Photo Catherine Hélie - Editions Gallimard
Photo Catherine Hélie - Editions Gallimard

« Check-Point » de Jean-Christophe Rufin

(Editions Gallimard, mars 2015, 387 pages)

Il ouvre grand les yeux sur le monde, Jean-Christophe Rufin, courageusement…Dans chacun de ses livres, il cherche à en comprendre les paradoxes, les excès, les basculements. Il s’interroge et nous interroge. Ses récits nous emportent au-delà des lieux, au-delà du temps. Temps passés dans « L’Abyssin » ou « Rouge Brésil », temps futurs dans « Globalia ». Des lieux comme l’Afrique, le Brésil, … Et après son « Immortelle Randonnée » sur les chemins de Compostelle où se mêlent à ravir récit de voyage et expérience spirituelle, il revient ici, dans « Check-Point », à ses jeunes années, du temps de ses missions humanitaires « pacifiques ». Une époque où existaient encore la neutralité et la non-ingérence des pays occidentaux dans les conflits armés, où les ONG se contentaient d’apporter vivres, vêtements et médicaments aux victimes de guerre sans se soucier vraiment de qui a tort et qui a raison. Les associations caritatives étaient financées par l’Union Européenne, l’intervention de l’armée française se bornait à fournir des contingents à l’ONU. Une situation qui a changé depuis, avec des engagements militaires sur le terrain (comme au Mali), ce qui complique les secours et surtout provoque des dégâts jusque sur nos terres. Attentats, otages, enlèvements, décapitations… sont devenus des mots de tous les jours, des évènements qui se déroulent à notre porte, sous nos yeux.

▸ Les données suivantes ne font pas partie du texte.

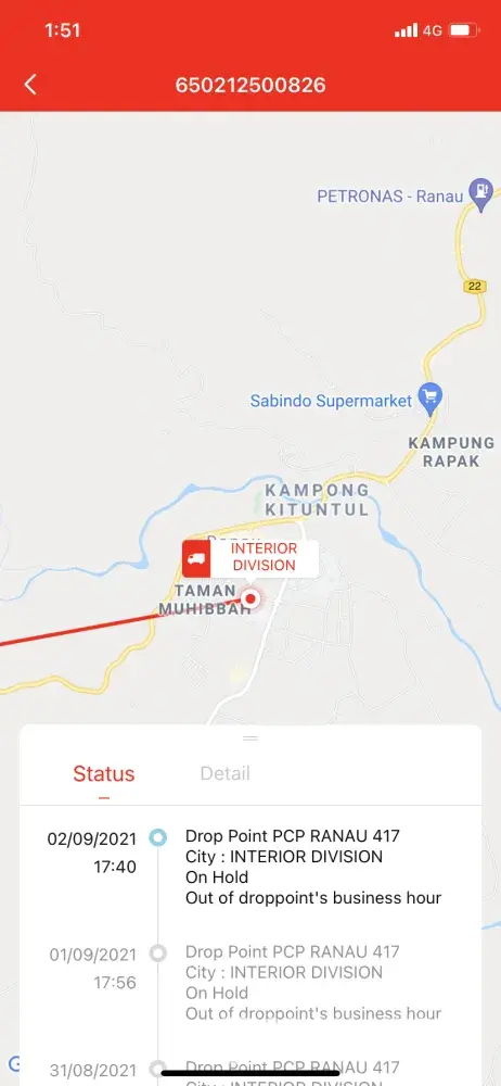 Hello, the parcel (tracking number above) as stated are not yet moving since 22/08/2021. How long does it take to arrived ya? 650212500826 This is the tracking number, could you please call the person in charge to give me explaination on it? It was stuck at SHB 147 ranau. I chose jnt as the main courier because it was expected to arrived fast. But now I couldn't even reach out to your officer through Facebook or WhatsApp to ask about my parcel. Thankyou

Le désenchantement d'un humanitaire

« Check-Point », c’est l’histoire de cinq jeunes engagés par une ONG. Quatre garçons et une fille, au volant de deux énormes camions chargés à bloc. Le convoi doit passer sans encombres les ckeck-points de la Bosnie en guerre, pour se rendre à Kakanj.« Jusque là, ils avaient traversé des frontières, c’est-à-dire des limites officielles entre Etats. Les check-points, c’était autre chose : des séparations imprévisibles et mouvantes entre zones ethniques, obéissant à l’autorité de petits chefs locaux. Ceux d’entre eux qui avaient déjà séjourné en Bosnie en parlaient chaque soir. Ils ne disaient pas en français « point de contrôle », ce qui aurait rendu la chose presque normale. Le mot apatride « check-point », utilisé par tout le monde sur le terrain, rendait mieux compte de l’aspect improvisé, désordonné, imprévisible et dangereux de ces barrages. » Vaste labyrinthe de postes de contrôle, comme il en existe encore de par le monde. Comme autour de Mossoul… mais ceux-ci ont maintenant pratiquement disparus au profit d’une seule et même frontière, enclavant l’Etat Islamique. Voilà sur quoi porte la réflexion de l’auteur, entre autres. « Nous sommes désormais devant une frontière mentale. La nécessité de sécurité tend à l’emporter sur toute autre considération. Il est illusoire de penser que l’humanitaire sera tenu à l’écart de cette transformation des mentalités. ». Autrement dit : ce sont nos valeurs que nous défendons à présent !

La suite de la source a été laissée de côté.